TASK TO COMPLETE> Set down the first line below and each line after it, ending with the one that holds "На фотографии изображён". Pictures do not belong in the copy.
*** RECORD EXCERPTS ***
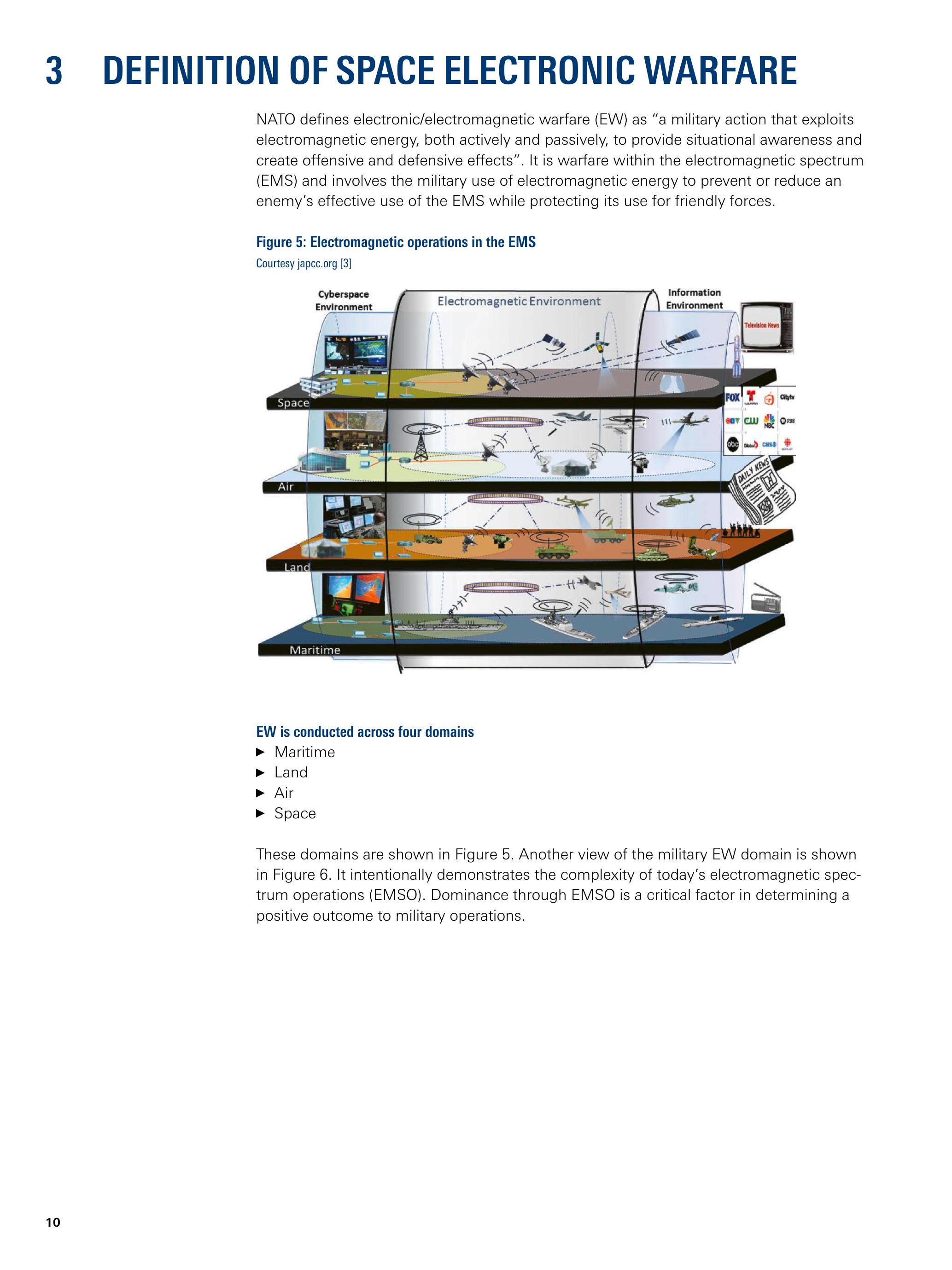 电子战跨越四个作战领域:
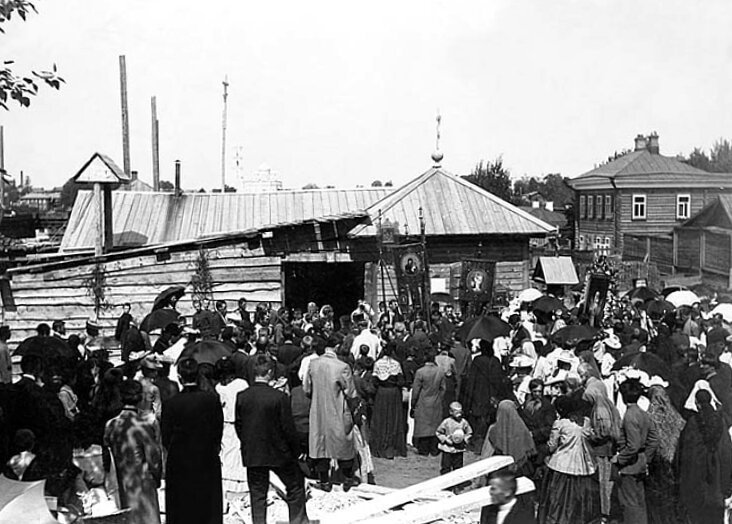 На фотографии изображён значительный момент церковной жизни: вокруг часовни собралось множество благочестивых прихожан. Верующие держат в руках святые иконы и церковные хоругви, что свидетельствует о проведении крестного хода или иного торжественного молебна, возможно, приуроченного к освящению места будущего строительства или к другому важному событию в истории храма. Подобные временные сооружения были распространённой практикой при строительстве крупных каменных церквей, позволявшей не прерывать духовную жизнь общины.
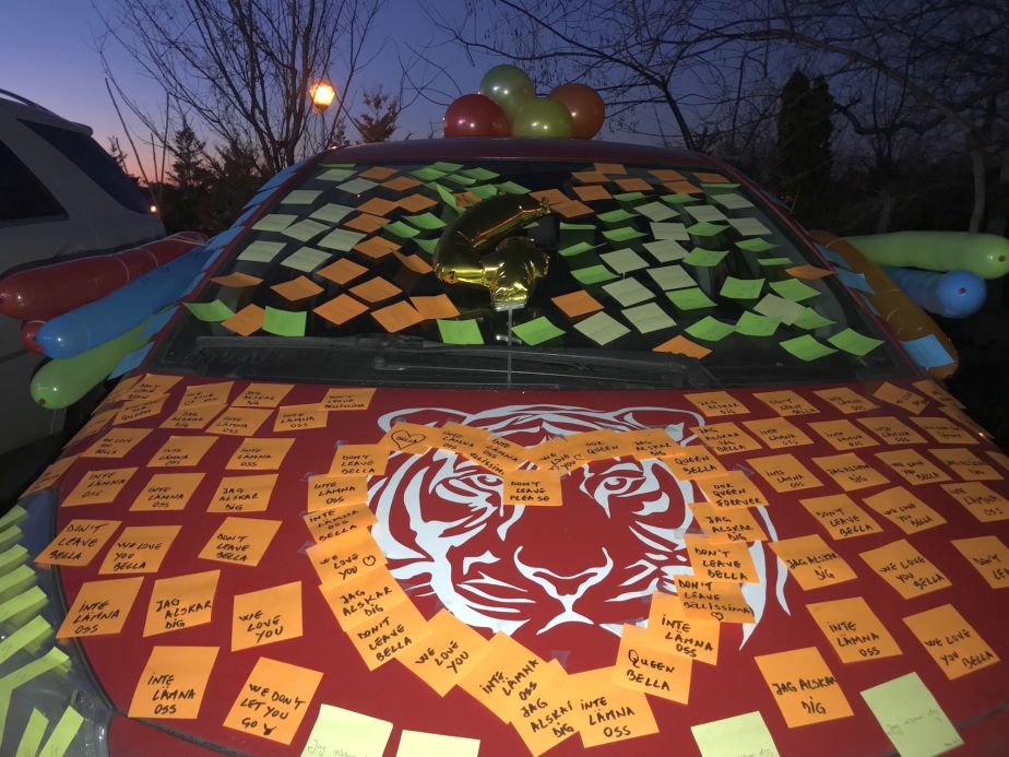Până atunci, după antrenamentul de joi seara, mai mulți fani români, din fan clubul "Team Bella", i-au făcut suedezei o surpriză. I-au împodobit mașina cu postit-uri pe care i-au scris diferite mesaje în suedeză, română și engleză: "Nu te lăsăm să pleci, Bella!", "Regina Bella!", "Te iubim!" sau "Bellissima, nu ne lăsa", au scris fanii pe câteva sute de bilețele. Au fost și baloane umflate, legate de oglinzile mașinii jucătoarei.
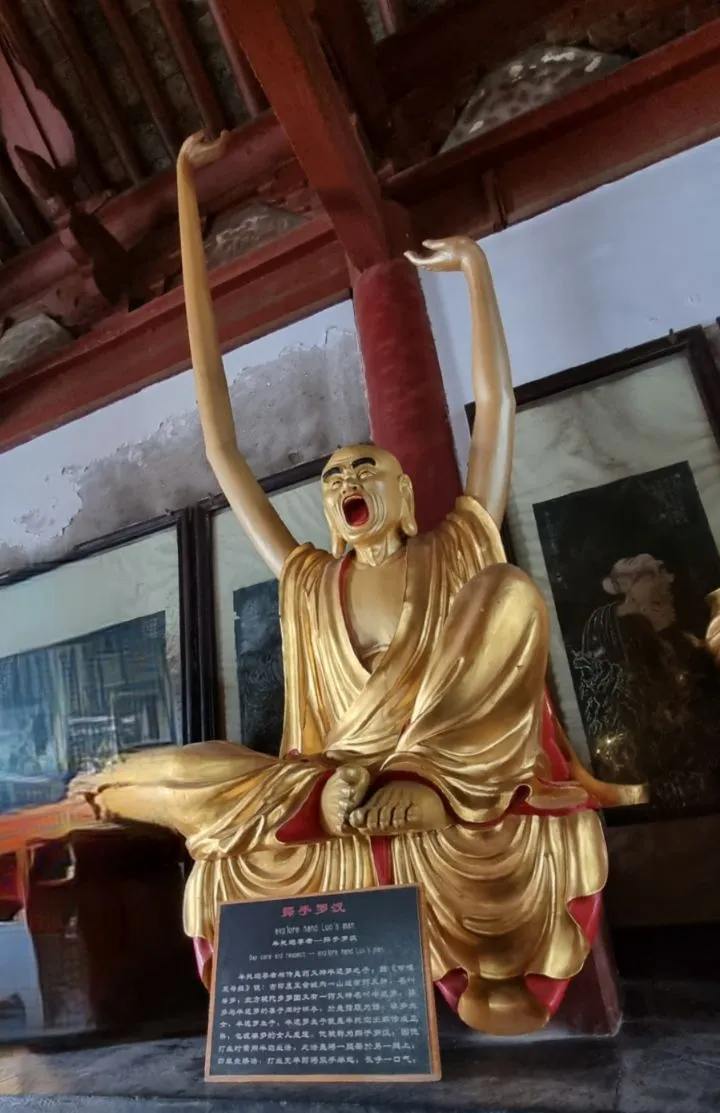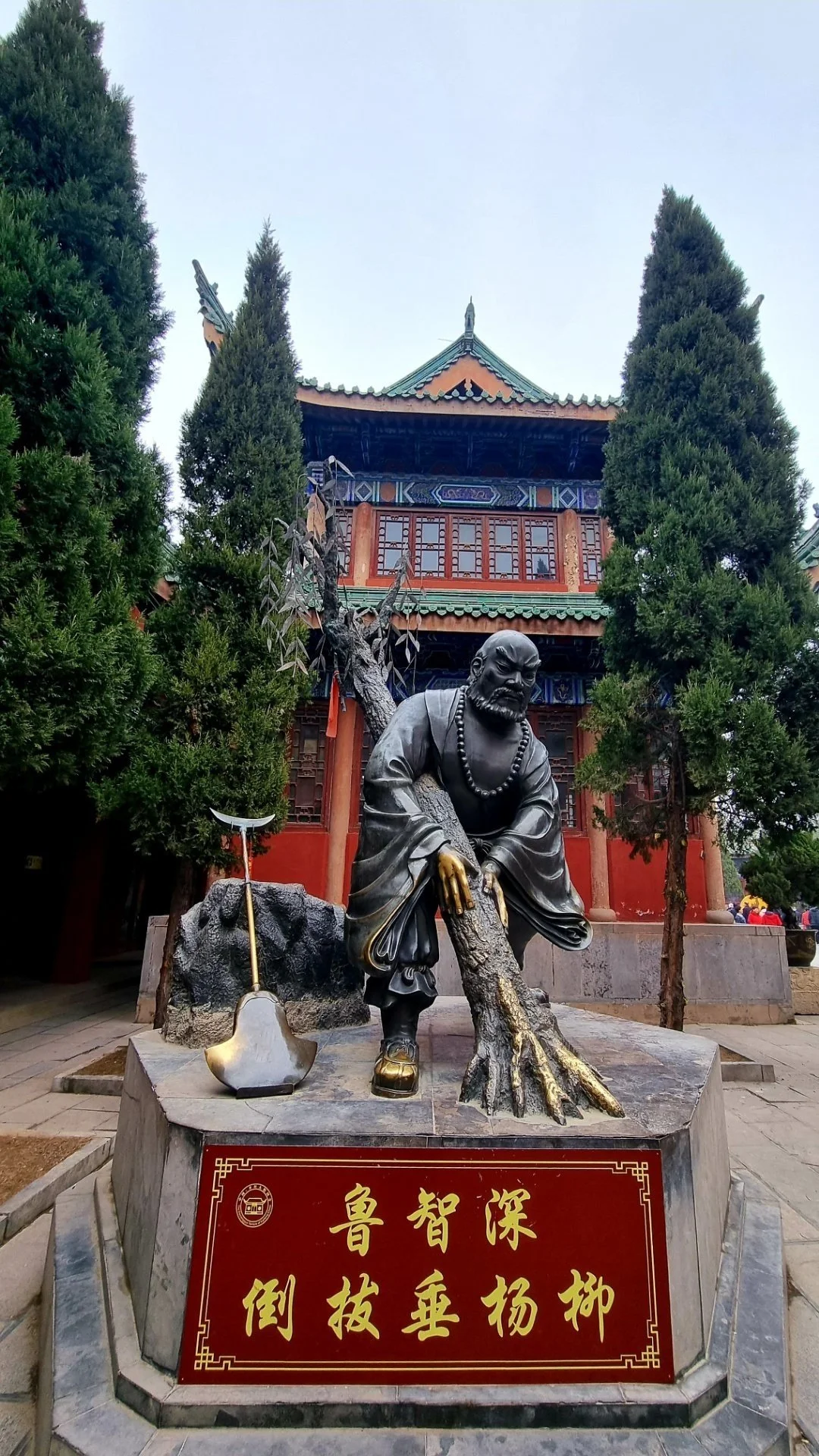 산문으로 들어서니 계단 아래 넓은 마당 너머 천왕문이 보이고 그 좌우로 고루와 종루가 마주 보며 자리한다. 좌측 고루에는 재신 관우, 종루에는 지장보살의 조상(彫像)이 각기 좌정하고 있다. 고루 앞에 버드나무를 뽑는 노지심(鲁智深) 동상이 눈에 들어온다.
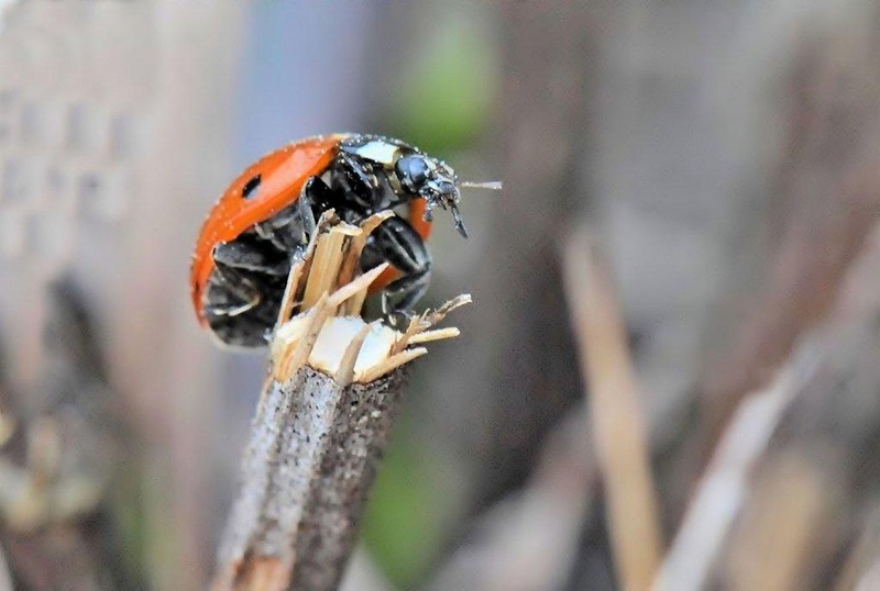 coccinelle dans mon jardin qui s'amusait a monter,descendre dans des positions tt a fait abracadabrantes dont j'ai pris plaisir a suivre le cheminement pendant un bon 1/4 d'heure!
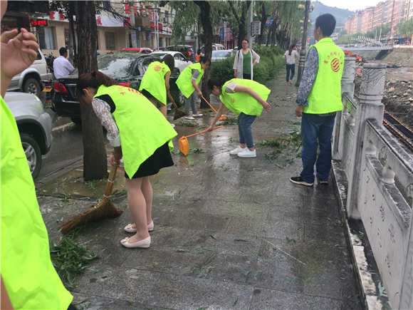 商洛移動組織志愿小分隊志愿者們手提掃帚、鐵锨、抹布等,在濱河路沿線開展清掃路面樹葉、排水管道清理等工作,經過大家的共同努力,濱河路路面全部清掃干凈,道路暢通,交通恢復正常。
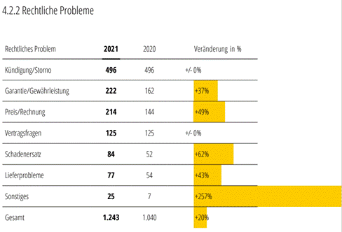 5) Die häufigsten rechtlichen Probleme hatten Verbraucher bei Kündigungen/Storno, Garantie/Gewährleistung, bei Preis oder Rechnung von Waren und bei Vertragsfragen: Warum sind genau diese Sektoren so stark betroffen?
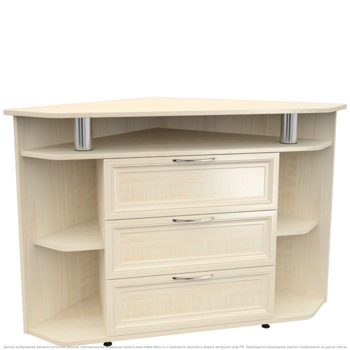 Комод 20 имеет 3 выдвижных ящика в центре, по бокам четыре угловые ниши, вверху полка. Верхняя платформа идеально рассчитана для установки телевизора, с возможностью установки дополнительной аппаратуры в нише под верхней платформой.Корпус комода выполнен из Ламинированной ДСП высокого качества с насыщенным цветом. Фасады выполнены из материала МДФ.Производитель оставляет за собой право менять фурнитуру.
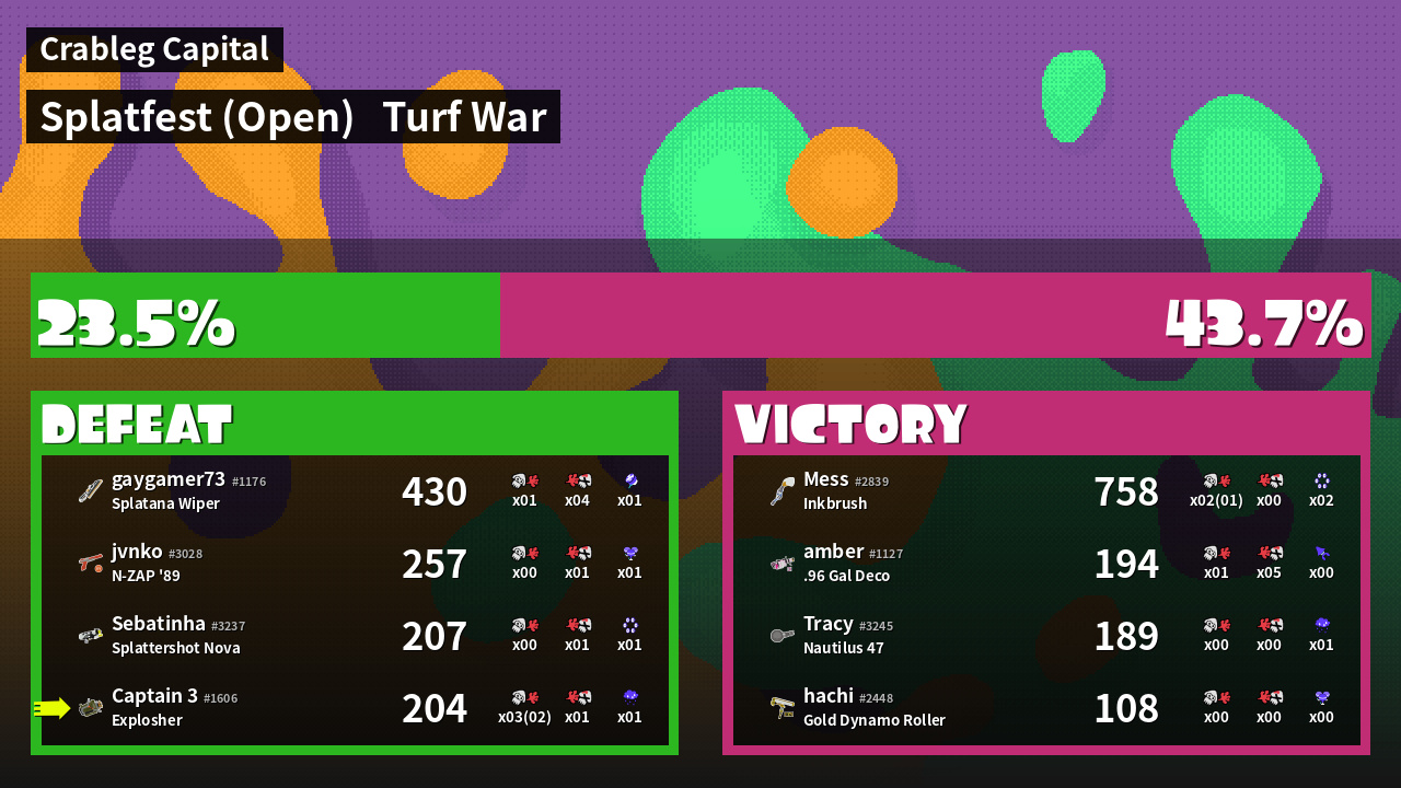 | Medals | #1 Overall Splatter #1 Super Jump Spot #1 Enemy Splatter | ||
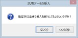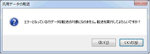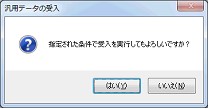 (8) 汎用データに受入可能なデータとエラーとなったデータが混在する場合は、確認画面が表示されます。受入可能なデータのみ受入を実行する場合は、[はい]ボタンをクリックします。受入を中止する場合は、[いいえ]ボタンをクリックします。
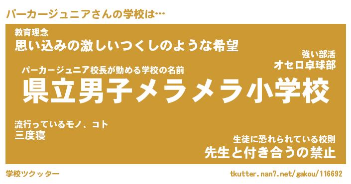| 先生 | パーカージュニア先生が勤める学校名『都立猫耳中学校』 |
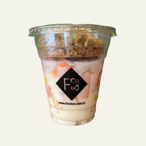 Mix de frutas da estação com iogurte natural e granola.
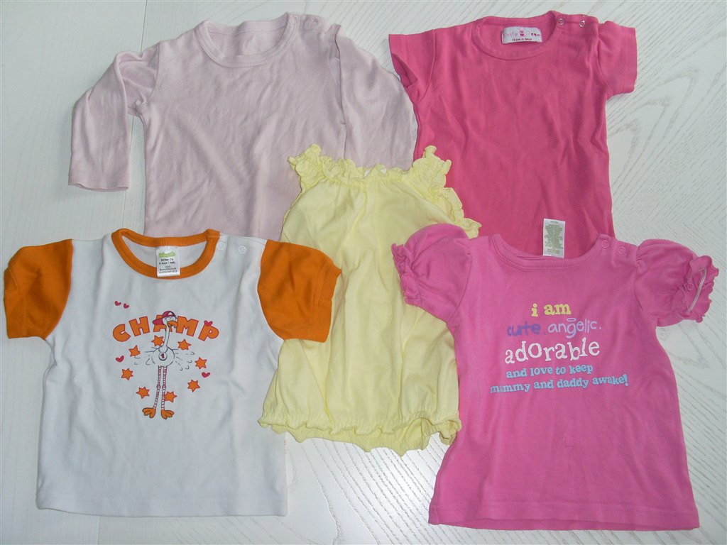 billed 3: lyserød lang ærmet bluse str. 80 (brugt 1 gang), pink t-shirt str 74, gul top str 74 (aldrig brugt men vasket), orange/hvid t-shirt str 74, pink t-shirt med skrift str 74 (aldrig brugt men vasket)
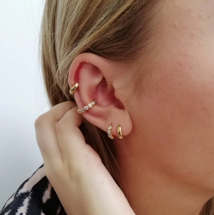 This daring chunky huggie earring design offers an exquisite hoop that is eternally stylish and a bold substitute for a timeless classic.
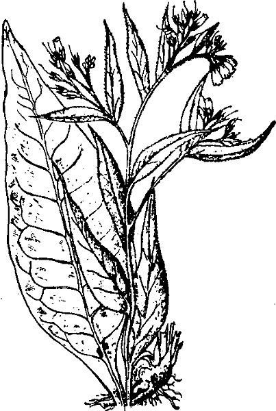 Окопник лекарственный — многолетник с сильным ветвистым (как бы граненым) стеблем и крупными ланцетными листьями, из которых верхние — сидячие, а нижние — на черешках. Корень у него толстый темно-бурый. Цветы некрупные и неяркие, собранные в метельчатое соцветие, называемое завитком (рис. 45). Интересную особенность имеют цветы окопника: в начале цветения они пурпуровые или фиолетовые, а в конце — синеватые или даже голубоватые. Цветение его продолжается с мая по август.
*** End of RECORD EXCERPTS ***
SOLUTION FOR THIS TASK>
 电子战跨越四个作战领域:
 На фотографии изображён значительный момент церковной жизни: вокруг часовни собралось множество благочестивых прихожан. Верующие держат в руках святые иконы и церковные хоругви, что свидетельствует о проведении крестного хода или иного торжественного молебна, возможно, приуроченного к освящению места будущего строительства или к другому важному событию в истории храма. Подобные временные сооружения были распространённой практикой при строительстве крупных каменных церквей, позволявшей не прерывать духовную жизнь общины.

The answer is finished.